The R language version of the "stuttering" Chinese participle, which supports the maximum probability method (Maximum probability), the implicit Markov model (Hidden Markov model), the index model (querysegment), the hybrid model (mixsegment), A total of four types of word segmentation, while there are POS tagging, keyword extraction, text simhash similarity comparison and other functions.

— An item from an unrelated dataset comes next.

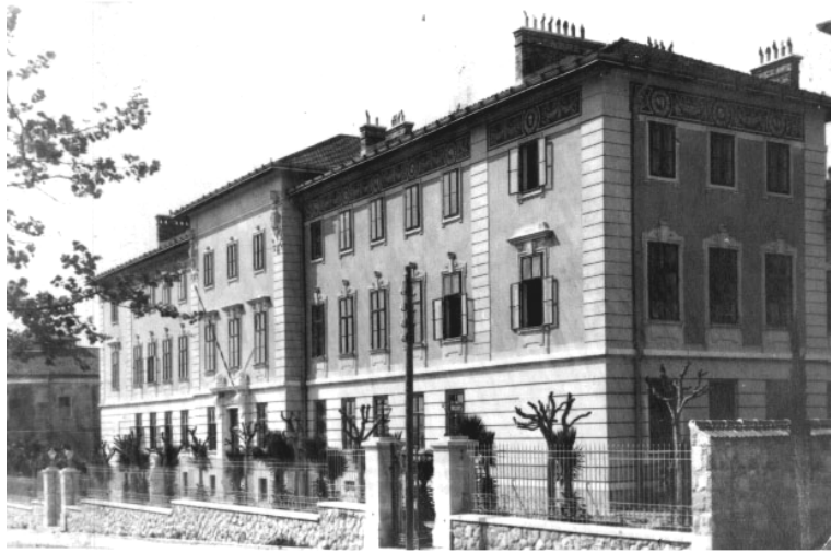
Zgrada Poljoprivredne a kasnije Tehničke škole kraj Arheološkog muzeja, gdje su Škola i Muzej preselili nakon I. svjetskog rata.

The project was developed using Rcpp and Cppjieba.
Characteristics
-
supports Windows, Linux operating system (MAC not tested).
-
implement simultaneous loading of multiple word breakers via Rcpp modules You can use different word-breaker patterns and thesaurus, respectively.
-
supports multiple word segmentation modes, Chinese name recognition, keyword extraction, The functions of POS tagging and similarity comparison of text Simhash.
-
supports loading custom user thesaurus, setting word frequency, part of speech.
-
-
supports auto-judging encoding mode.
-
-
Installation is simple and requires no complex setup.
-
can be called by other languages, such as RPY2,JVMR.
-
based on the MIT Protocol.
Installation
Currently the package is not released to Cran and can be installed via GitHub. Windows systems need to install rtools, or you can download a binary package for installation:
?
1 2 |
library(devtools) install_github( "qinwf/jiebaR" ) |
Using the exampleWord segmentation
Jiebar provides four types of word breakers that can be jiebar()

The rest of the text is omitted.